These days of flat gray cold leave me feeling flimsily susceptible to weather-influenced soul grayness. I don't reckon I have Seasonal Affected Disorder full blown, but I get that unsettling neutralizing of energy, with gray fading to darkness at 5pm.
I want to live a life of NOT soul-grayness.
I think I will dance my way through winter.
We go about talking and analyzing, and very often this is the default of how we process and move through life. And maybe we do yoga, slow delicious ways of shaping and stretching our physical capsules and processing living. But dancing, especially the free form type, or adding spontaneous twirls into a contra dance set form, is a completely unrelated and often untouched way of being a human brain and body. Its like a vigorous self-applied massage. Joy in the human experience expressed. Or an attraction and connection with another expressed. The best kind of dance for me--not always accessible but wonderful when it happens-- is when thought and judgement drop away and it becomes an exuberant meditation. Body moving and warm, unstuck and open.

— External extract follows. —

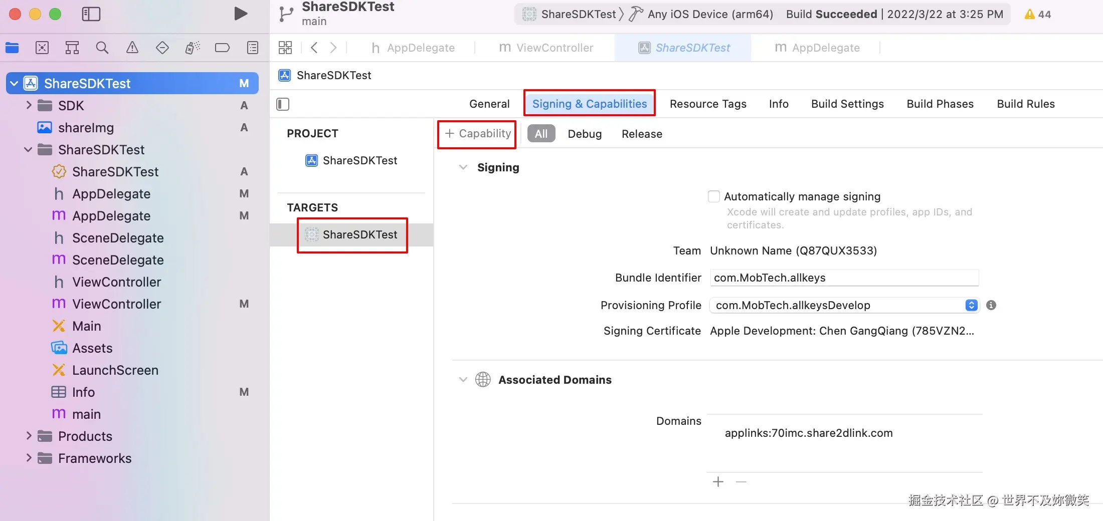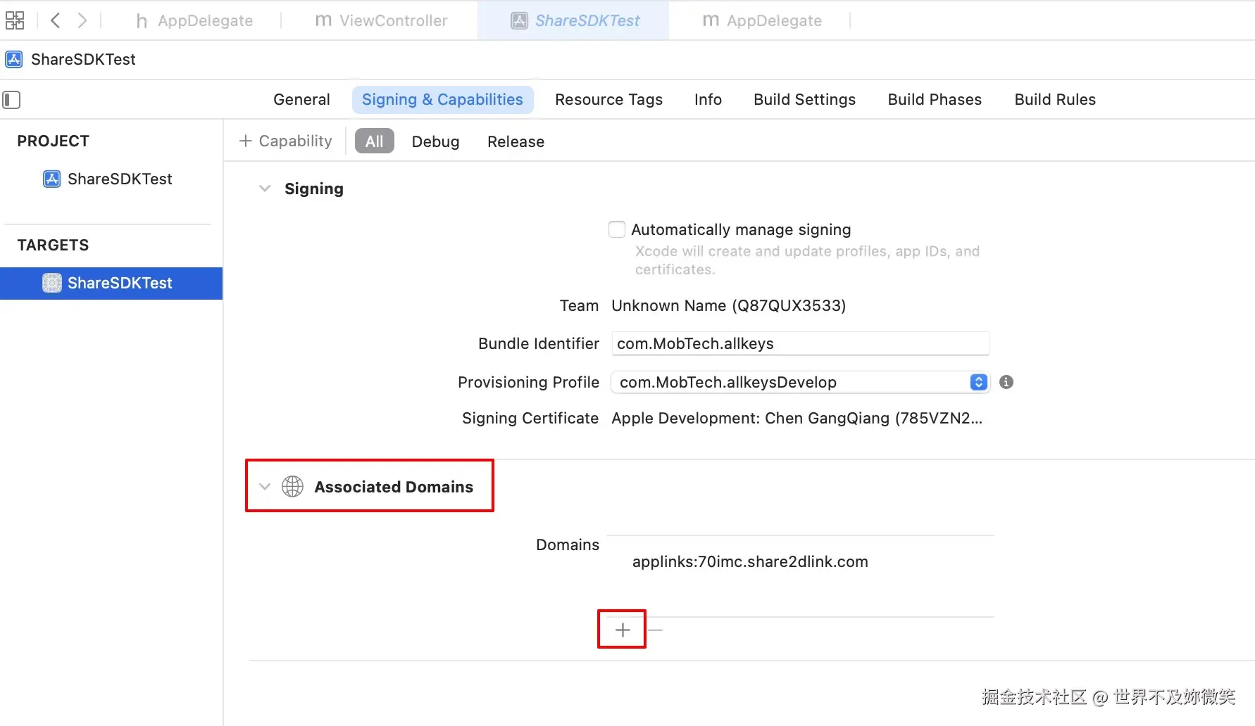 填写上 Universal Link 配置,填写的格式是 applinks:xxxx

I've been dancing a lot lately. Swing and blues, dance club beats, organized and coordinated contra. God bless you, Ithaca and your venues.
(Or just my kitchen, solo, the Dishes Dancing Blues.)
I can go to these things with or without a partner. I've been here just long enough I can show up on a dance floor Friday night and know people and have dance friends.
Or dancing alone. This was happening Friday for a while on the beating blinking pumping floor and then I overheard somewhere, "You should dance with the hot 80s girl", and wondered who looked like an 80s girl. Then my friend Big Ben, who, amazingly went to college with me back when I had less color and no talking and no style, and he said "I was just told to dance with you". Ha! (Big Ben loves telling people how unrecognizable from my current self I was when he knew me in college.)
Contra dancing was last night.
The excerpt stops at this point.